An empirical model to evaluate the contribution of alloyed and non-alloyed tin to the ethanol oxidation reaction on Pt-Sn/C catalysts based on the presence of SnO2 and a Pt(1−x)Snx solid solution: Application to DEFC performance

An empirical model is proposed to evaluate the contribution of alloyed and non-alloyed tin in Ptz-Sn/C catalysts to the performance of direct ethanol fuel cells (DEFCs). The model is based on the presence of SnO2 and a Pt(1−x)Sx solid solution in the bimetallic catalysts. The model predicts the dependence of the performance of a single DEFC on the total Sn content and the degree of alloying of Ptz-Sn/C catalysts used as the anode material.

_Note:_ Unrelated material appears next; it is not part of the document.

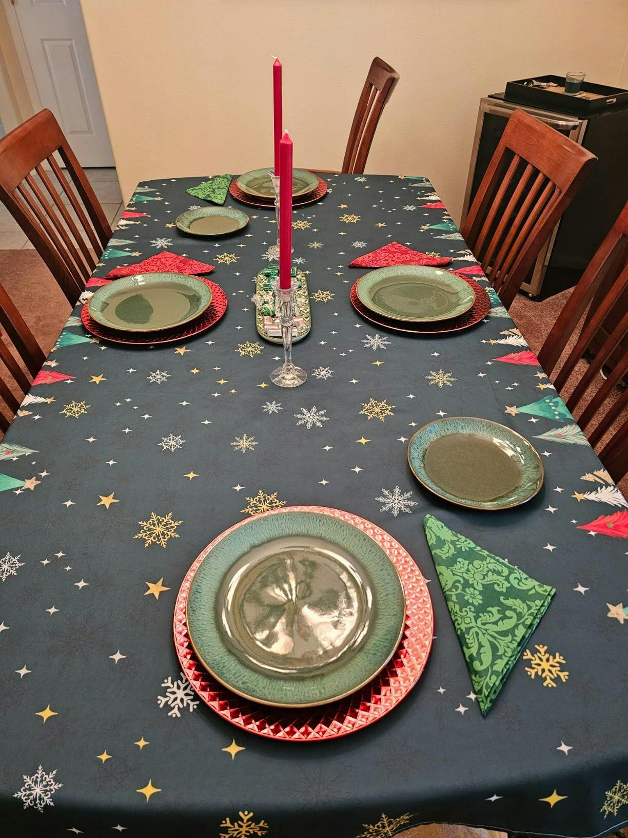 This tablecloth completely transformed my dining area. The color is rich and classy!

► A model to predict the performance of DEFCs, which accounts for the characteristics of partially alloyed Ptz-Sn/C catalysts is presented.
► The dependence of MPDPtz-Sn/C on Sn alloyed goes through a maximum at xm = 0.135.
► The dependence of MPDPtz-Sn/C on Sn/Pt composition goes through a maximum, and z at the maximum of MPDPtz-Sn/C almost linearly decreases with x.
► The highest cell performance is obtained for an overall Sn/Pt atomic fraction of 0.758, of which 20% Sn alloyed with Pt and 80% Sn in an oxidized form.